1 Psicologa e specialista in psicoterapia, è ricercatore universitario in Psicologia Clinica, all’Alma Mater

Studiorum-Università degli Studi di Bologna.

Bisi R. (a cura di), Tossicodipendenze Comunità

e trattamento. Strumenti di analisi, Clueb, Bologna, 2006.

Chi si occupa di tossicodipendenza tende ad essere accecato dall’idea che la potenza della sostanza (tra l’altro innegabile dal punto di vista psico-fisiologico) mieta vittime e renda schiavi del perverso circuito tossicomanico. A lungo si è

dibattuto sul concetto di dipendenza

considerandola vizio / malattia / colpa / peccato / devianza / passività / masochismo e pulsione di morte.

L’ideologia che permea il volume concorda con il fatto che si realizzi con la tossicodipendenza una situazione assai ambigua, come sostiene Augusto Balloni, se non addirittura paradossale: è il consumatore che “sceglie” il suo comportamento. Il tossicodipendente ad un certo punto si è dovuto interrogare sull’apparente non senso della propria esistenza, ha incontrato una falla nell’ordine della significazione e l’incontro “fortunato” con la sostanza vi si è installato come plausibile quanto efficace risposta.

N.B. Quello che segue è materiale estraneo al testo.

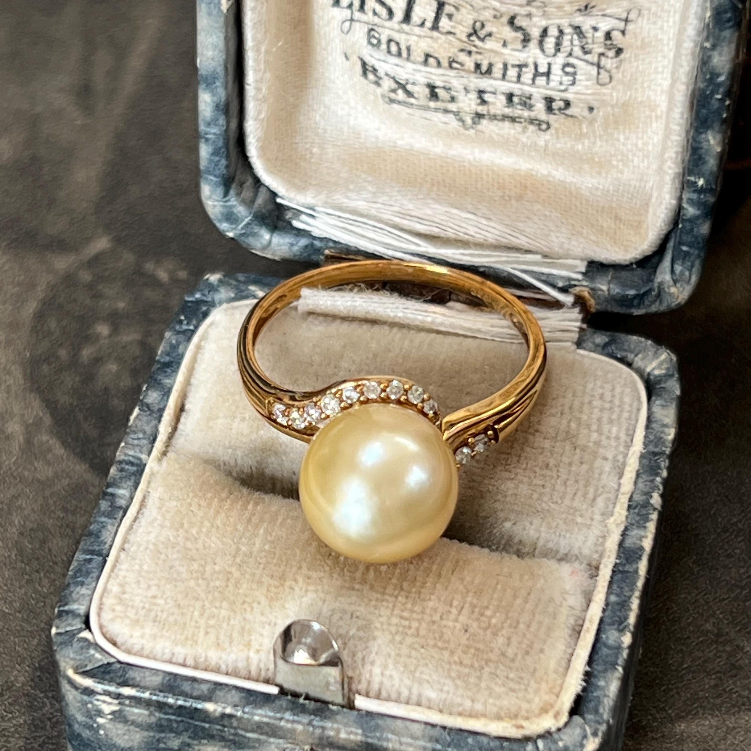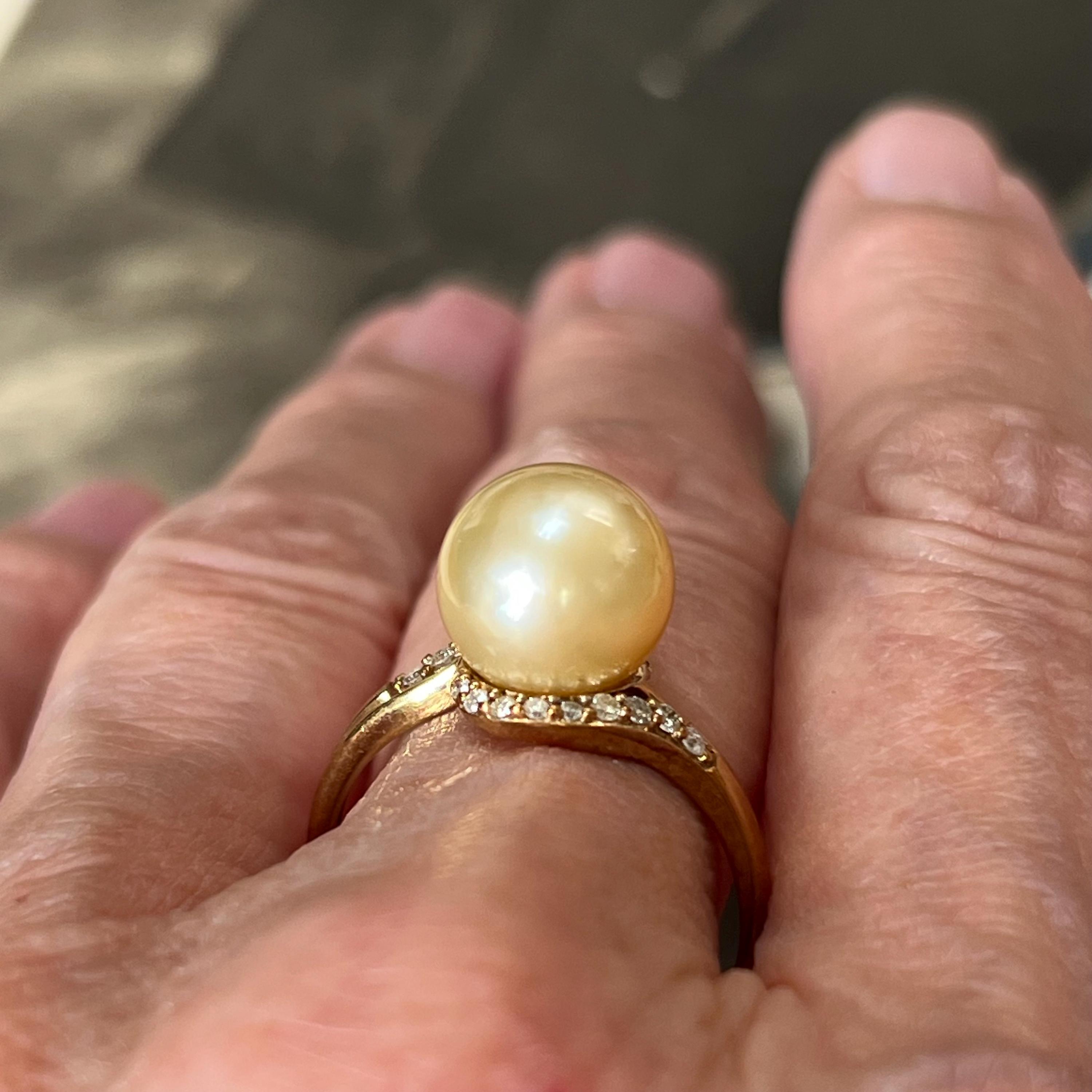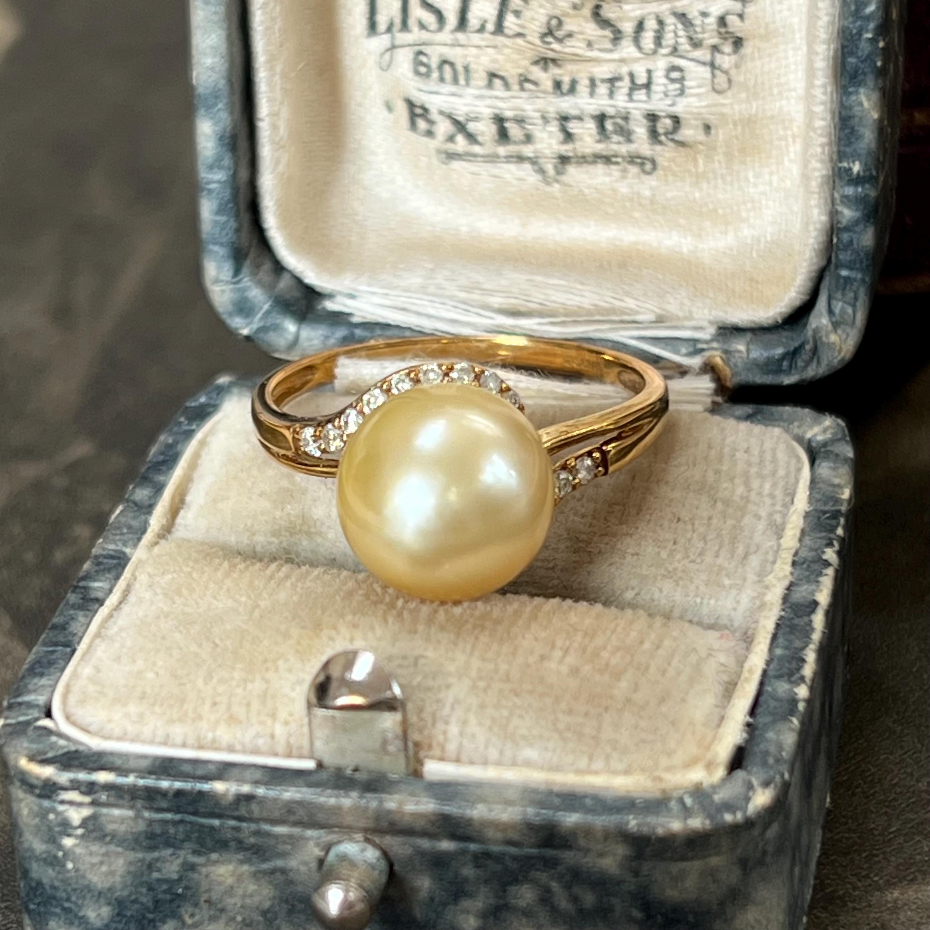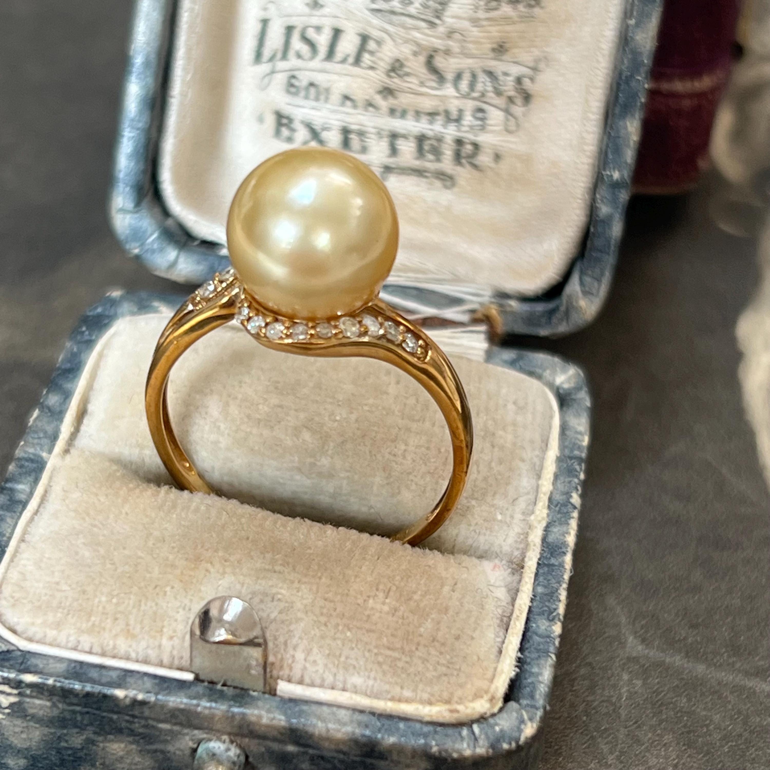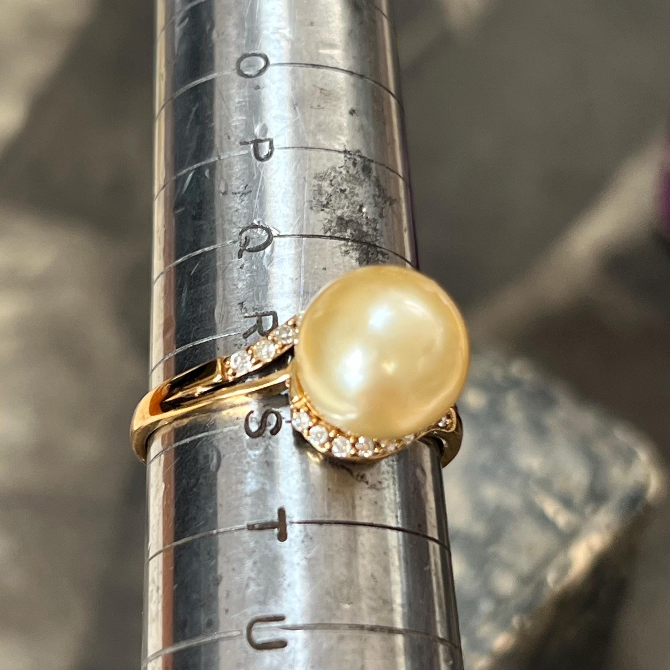 The diamonds, with an estimated total carat weight of 0.18ct, add a brilliant, scintillating touch to the ring, enhancing its overall radiance. Each diamond sparkles with a fiery brilliance, complementing the pearl's natural splendor.

Un pianista alcolizzato (dal famosissimo film "Profondo Rosso" di Dario Argento) accusato di essere masochista e di volersi uccidere risponde all’amico: “Macché masochista…è che io quando bevo sono felice!”. La droga è quindi una soluzione che in quel momento la persona si da' per contrastare angoscia e conflitti; indubbiamente

una soluzione pessima e controproducente ma comunque l’unica disponibile in quel momento e la sola in grado di assolvere ad alcune funzioni mentali e di rispondere ad un qualche fondamentale bisogno.

L’impegno del libro sulle tossicodipendenze è quello di conoscere “dal di dentro” la condotta tossicomanica, attraverso la proposta di interessanti strumenti di indagine ed intervento utilizzati con gli ospiti di un contesto elettivo di trattamento quale quello comunitario.

Susanna Vezzadini mette in evidenza il valore

delle comunità terapeutica per il

tossicodipendente riflettendo sul fatto che, nonostante il panorama di proposte comunitarie sia difforme, vi siano dispute sulla sua utilità ed abbia una storia difficile di valorizzazione o svalutazione, in ogni modo metta al centro della cura il disagio relazionale; se ammettiamo per un momento che il tossicodipendente sia un non-malato ma un mal-educato che da' a se stesso risposte mal-indirizzate, in altre parole che sia un malato di relazione, allora la comunità si rivela innegabilmente utile.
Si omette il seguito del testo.